To do: Copy nothing but the lines below, from the one with "就在美团年度业绩披露前一日,国家市场监管" through the one with "Купить Набор детский", exactly as written; no pictures should appear.

Provided material:

───

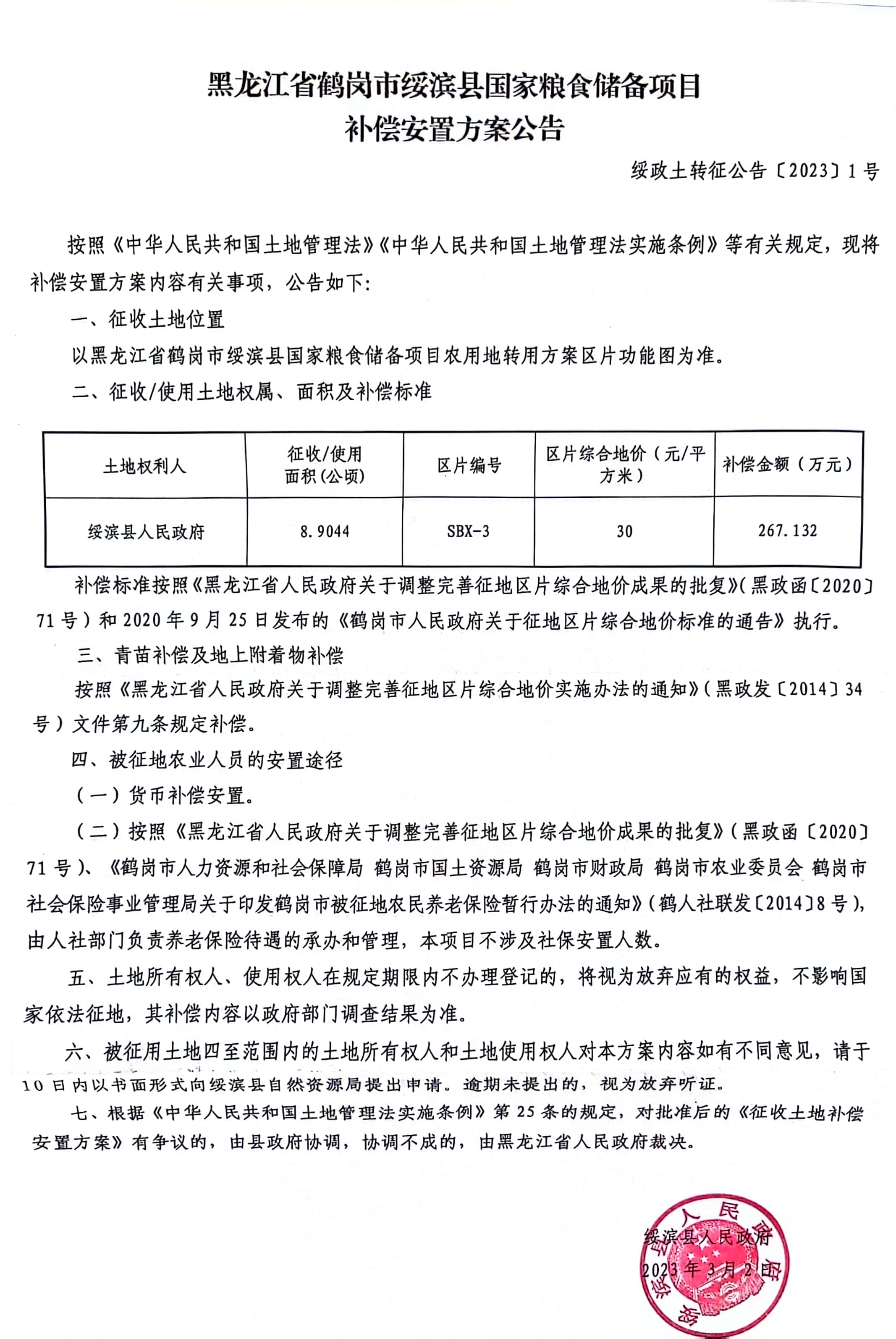 绥滨县国家粮食储备项目补偿安置方案公告 绥政土转征公告[2023]1号
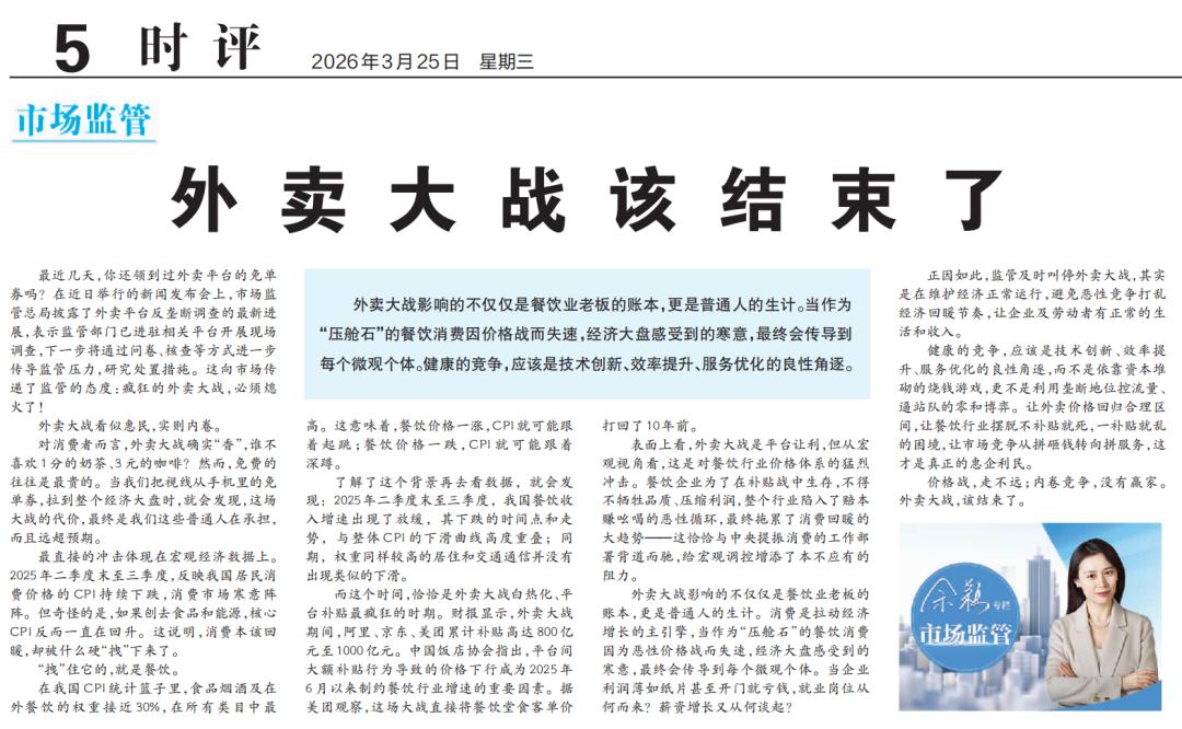 就在美团年度业绩披露前一日,国家市场监管总局网站转发《经济日报》文章,定调“外卖大战该结束了”,释放出将强力介入外卖大战的信号。
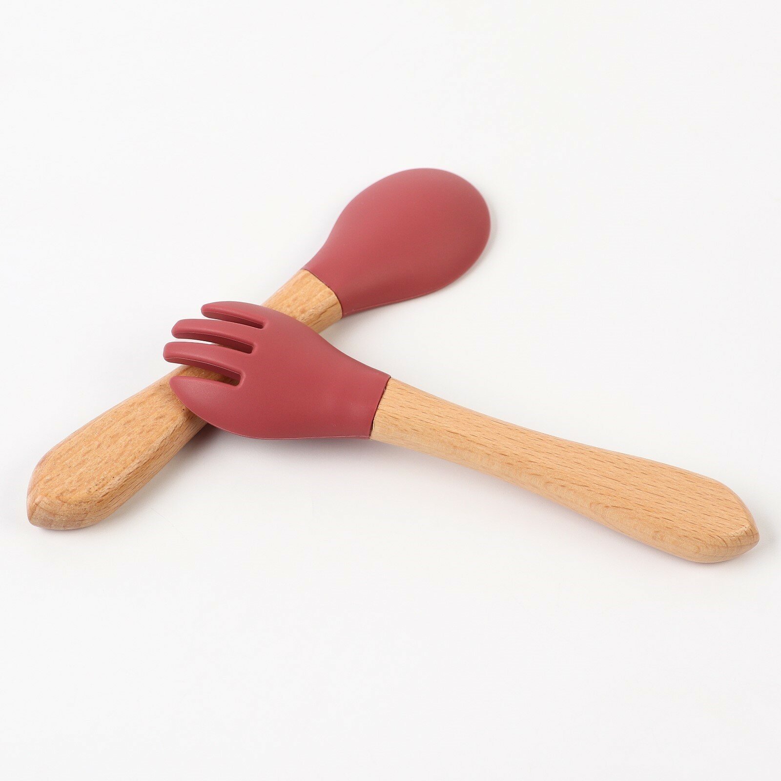Купить Набор детский столовых приборов, вилка и ложка M&B (силикон, бамбук), вишня
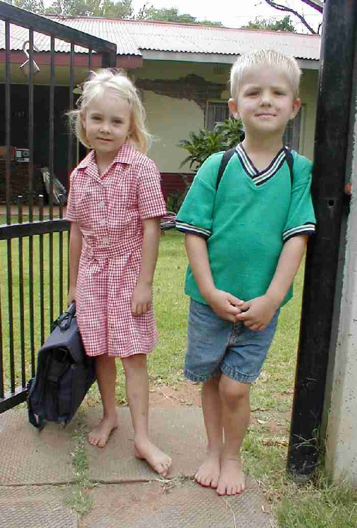 South African schools have different rules about schoolwear. Some schools let the children wear their regular clothes. Other schools have required uniforms. The trend toward casual schoolwear that we noticed in the late 20th century, continued in the early 21st century. This trend was most pronounced at the schools without uniforms. Here the younger children essentially wore play clothes to school. We also see the trend at schools with uniforms. A few schools still had traditional British-style uniforms including caps, ties, and blazers. Much more common were schools with casual style uniforms. Many schools have polo shirts or other caual shirts and shorts. The shirts commonly are in destinctive clors or have logos. The shoirts are less varied. Khaki or grey shorts are common. The girls still wore dresses, but the boys often wore open-collar polo-styled shirts and shorts. Quite a few schools allowed the children to come to school barefoot. Many children prefer this.
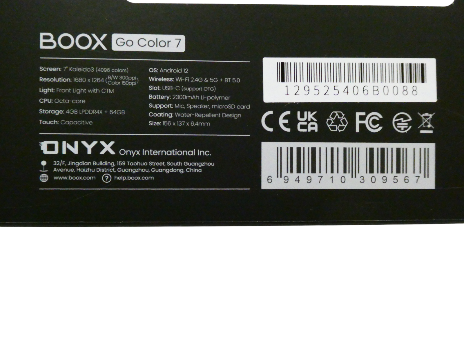 BOOX Go Color 7 ePaper Tablet 7" Color 64GB Android 12 E-Ink Light BT WiFi (Blac
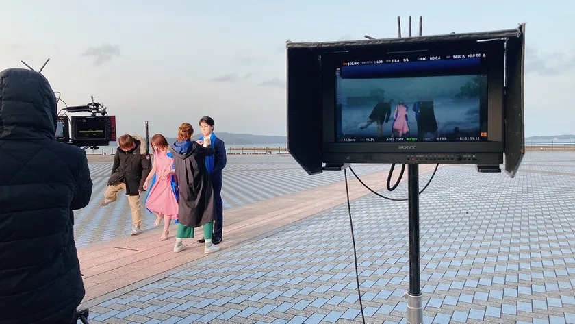 モデルのおふたりが歩くシーンは夕方からの撮影でした。
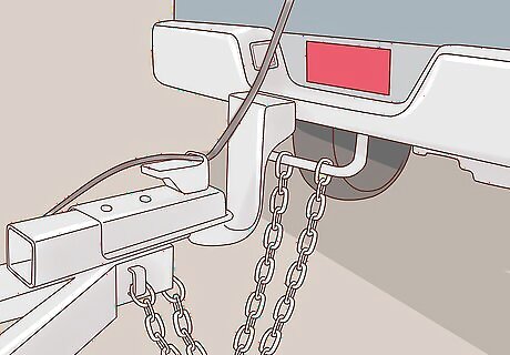 Double-check that tow trailers have been properly connected. Turn the crank on the back of the trailer clockwise to raise the coupling. Align the coupling with your trailer hitch, then turn the crank counterclockwise to lower it into position. Take a moment to ensure that the two components fit together squarely. After hooking up the trailer, secure the connection site by sliding the latch pin into the slot at the top of the coupling. If you’re going to be using your own vehicle to tow a horse trailer, study the vehicle’s specifications to find out whether its towing capacity is equal to the trailer’s Maximum Authorized Mass (MAM). For additional security, consider winding a length of chain around the hitch to act as a fail safe in the event that the trailer somehow comes uncoupled. You can’t afford to rush your trailer hookup—the last thing you want is to slip a hitch on a busy highway or interstate with your horse in tow!

───

Your solution:
 就在美团年度业绩披露前一日,国家市场监管总局网站转发《经济日报》文章,定调“外卖大战该结束了”,释放出将强力介入外卖大战的信号。
Купить Набор детский столовых приборов, вилка и ложка M&B (силикон, бамбук), вишня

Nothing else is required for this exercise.